START Task material

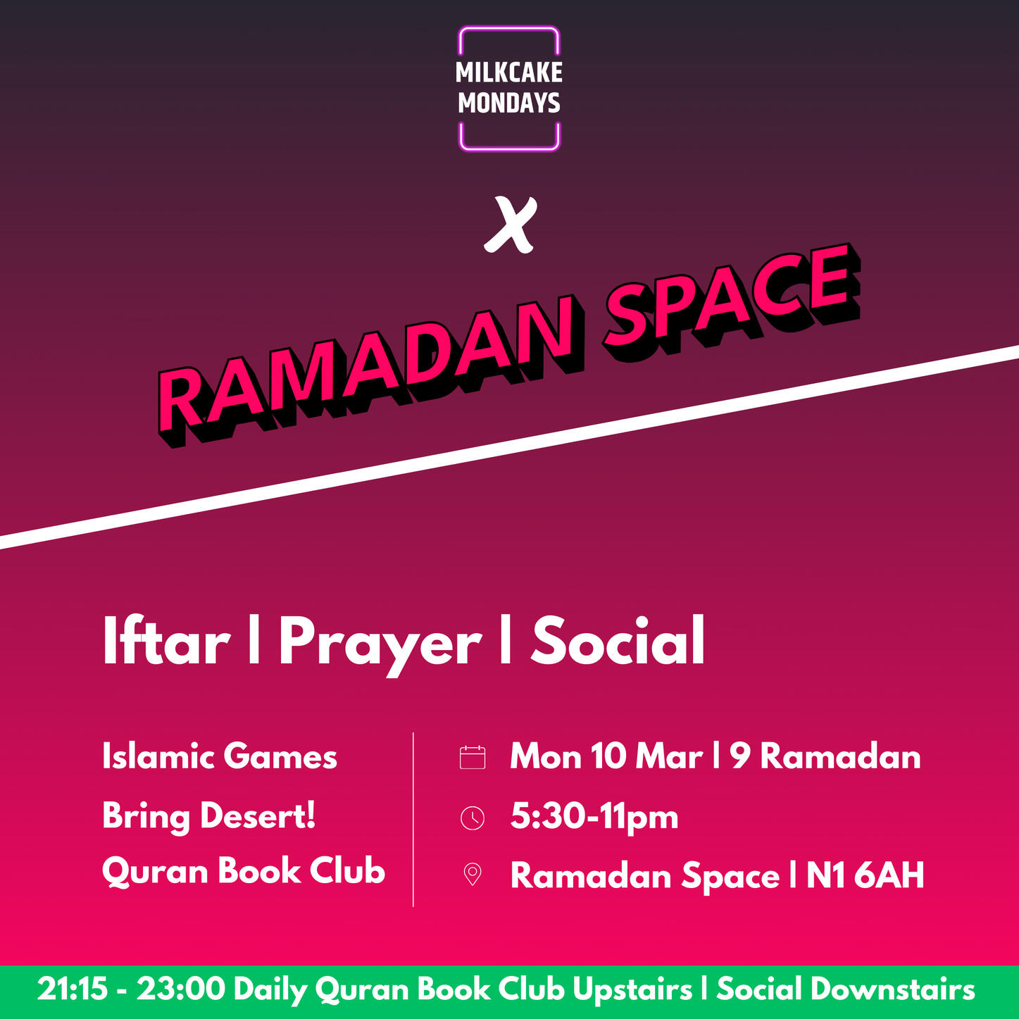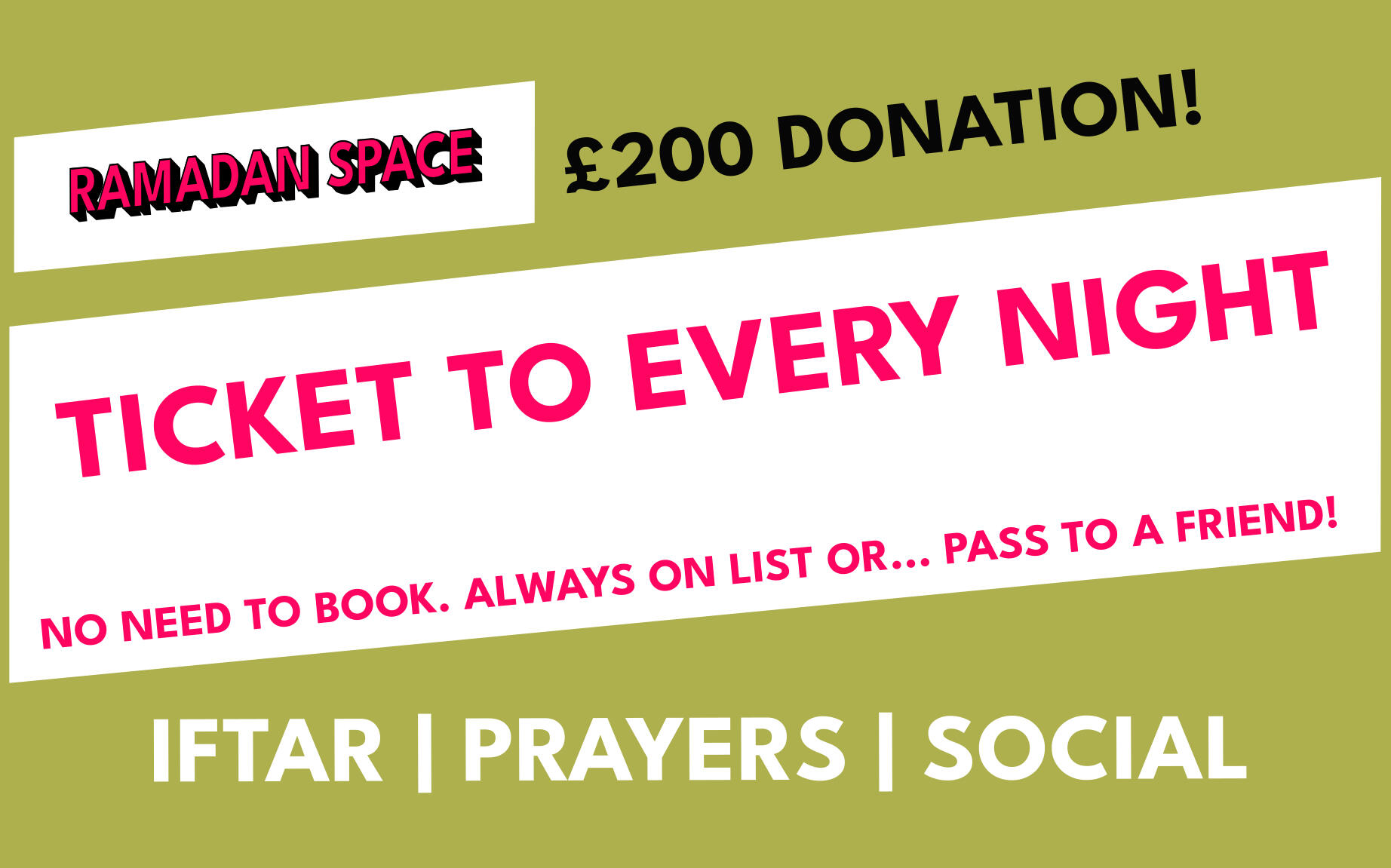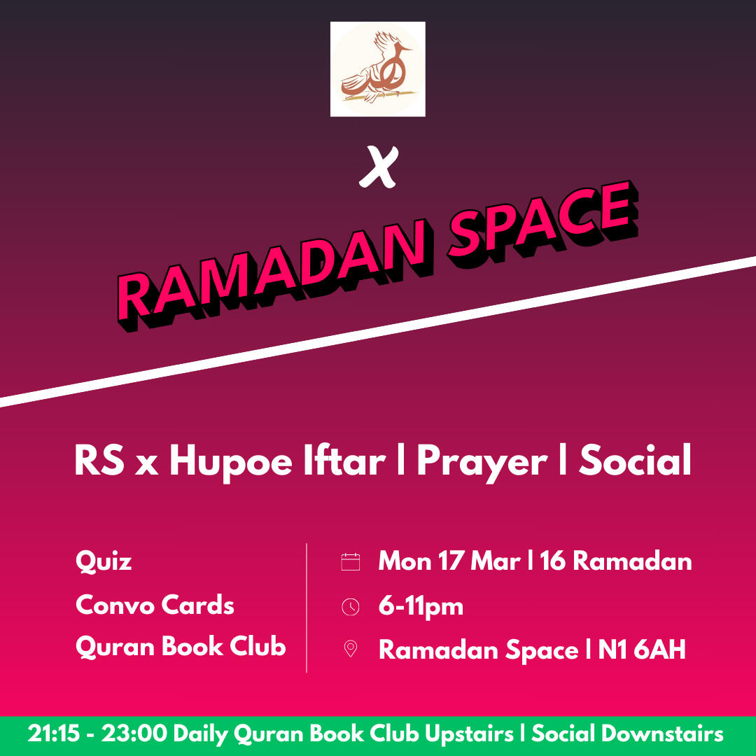 Ramadan Space is a pop up space in Shoreditch.A home & family to 100+ people/night in Ramadan. Many away from home/family.A space to deeply connect in a safe space for young professionals.More than iftar...Taraweeh.Events.Quran Book Clubs...Whole night till late.Quran book clubs, mocktail businesses & more have been incubated here!Help bring Ramadan Space 2026 to life...
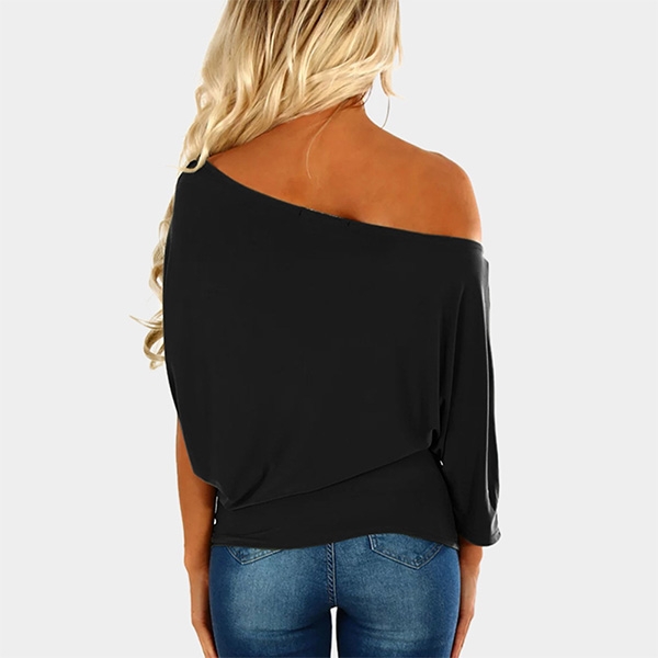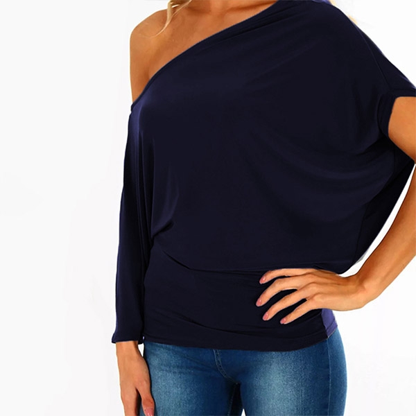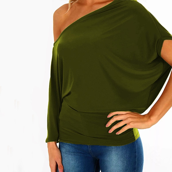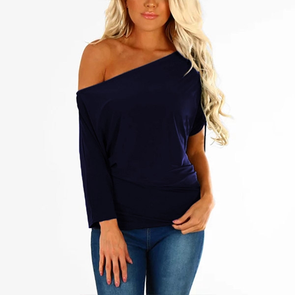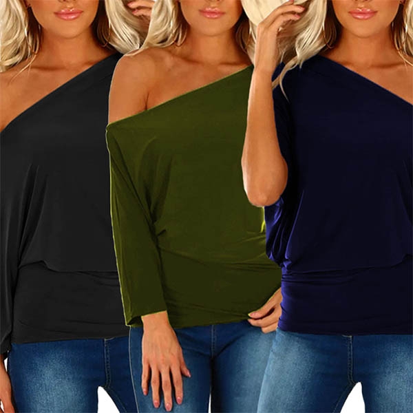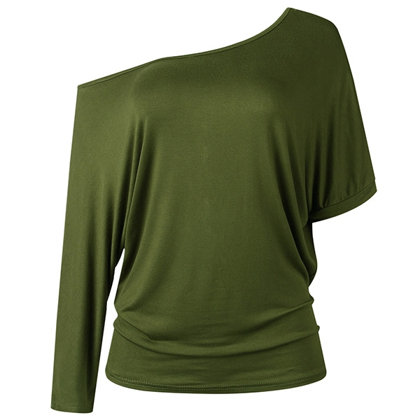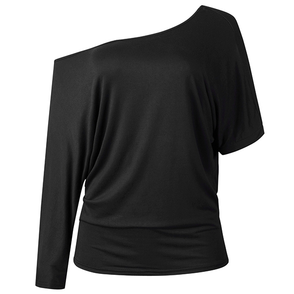 It comes with a solid color,the oblique shoulder and asymmetric sleeve design are the highlights.
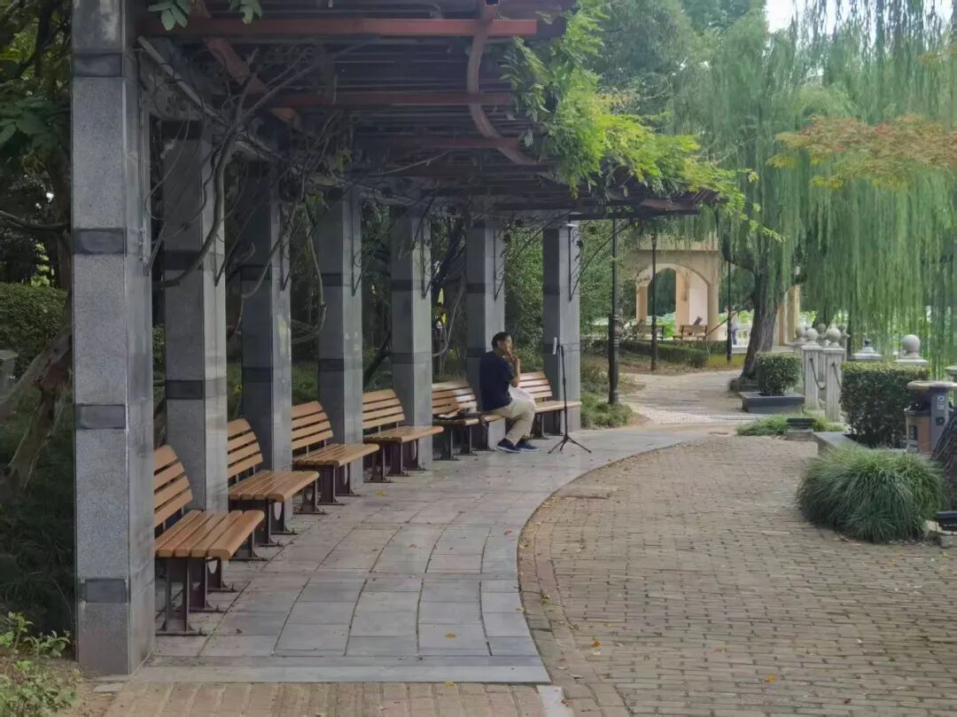上午9点,走在街头,气温依旧凉爽,但阳光直射处仍有些许灼热感,不少市民穿上了防晒衣并戴了遮阳帽。思贤公园里,树叶开始泛黄红色,大片荷叶傲立湖畔。水中央还有不少水鸟游弋,有市民在岸边垂钓、练习乐器或是在阴凉处纳凉,十分惬意。“我们几乎每天都要来,感觉这两天有点凉意,不冷不热,挺好的。”市民张先生说。
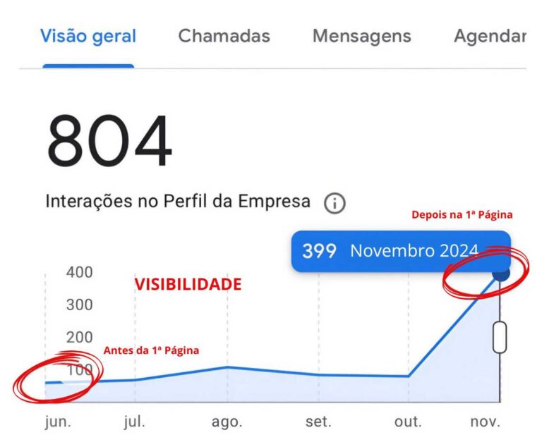 Veja a diferença de visibilidade e visitas no perfil antes e após aparecer na primeira página e dominar o topo do Google
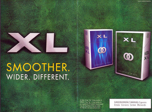 2 page ad from Kool in promotion of Kool's XL wide packs, XL Green and XL Blue. XL Blue was introducted in the summer of 2007, after the introduction of XL Green. Text: "XL. Smoother. Wider. Different."
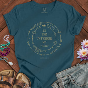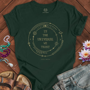 In The Universe We Trust T-Shirt – Cosmic Solar System Graphic Tee for Spiritual Seekers – Lotus Moon
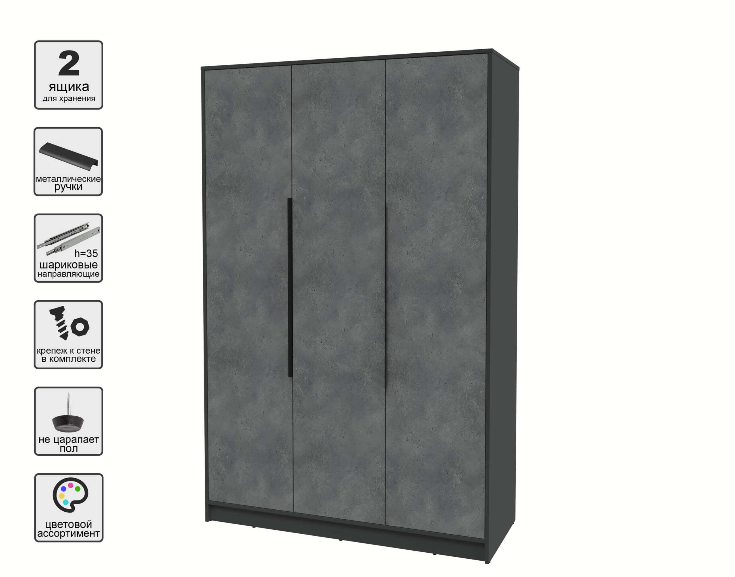 ШКАФ РАСПАШНОЙ КТ-Ш3 (АНТРАЦИТ ЛДСП/ БЕТОН ПОРТЛЕНД ЛДСП) Ш1360 В2128 Г547 - Yuta.by
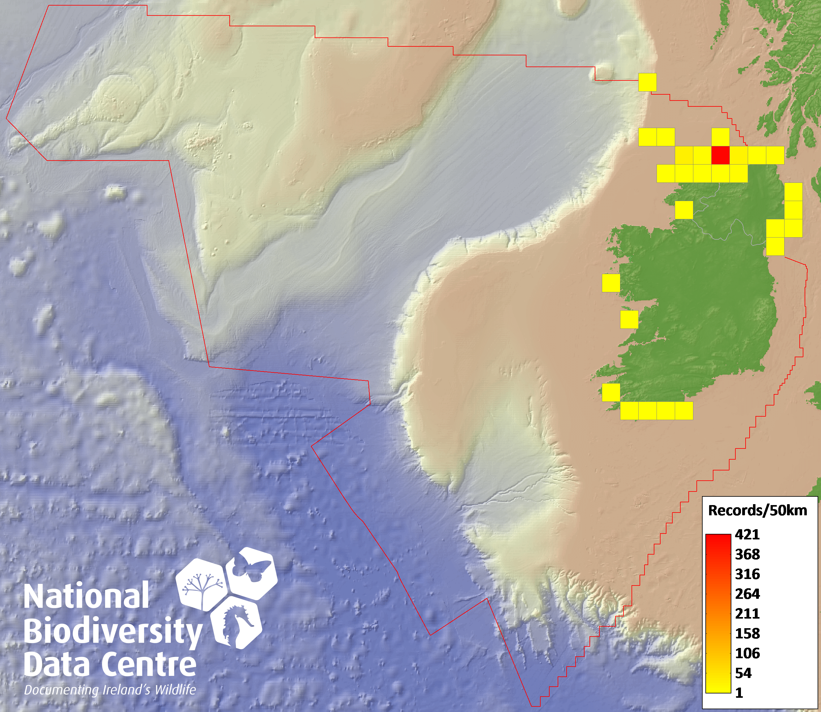 Distribution of the number of records recorded within each 10km grid square (ITM).Marine Map - 50km

END Task material

*Problem to solve*
Take only the line containing "上午9点,走在街头,气温依旧" and every line after it to the end of the entries, and copy them exactly, pictures excluded.

*Answer to the problem*
上午9点,走在街头,气温依旧凉爽,但阳光直射处仍有些许灼热感,不少市民穿上了防晒衣并戴了遮阳帽。思贤公园里,树叶开始泛黄红色,大片荷叶傲立湖畔。水中央还有不少水鸟游弋,有市民在岸边垂钓、练习乐器或是在阴凉处纳凉,十分惬意。“我们几乎每天都要来,感觉这两天有点凉意,不冷不热,挺好的。”市民张先生说。
 Veja a diferença de visibilidade e visitas no perfil antes e após aparecer na primeira página e dominar o topo do Google
 2 page ad from Kool in promotion of Kool's XL wide packs, XL Green and XL Blue. XL Blue was introducted in the summer of 2007, after the introduction of XL Green. Text: "XL. Smoother. Wider. Different."
 In The Universe We Trust T-Shirt – Cosmic Solar System Graphic Tee for Spiritual Seekers – Lotus Moon
 ШКАФ РАСПАШНОЙ КТ-Ш3 (АНТРАЦИТ ЛДСП/ БЕТОН ПОРТЛЕНД ЛДСП) Ш1360 В2128 Г547 - Yuta.by
 Distribution of the number of records recorded within each 10km grid square (ITM).Marine Map - 50km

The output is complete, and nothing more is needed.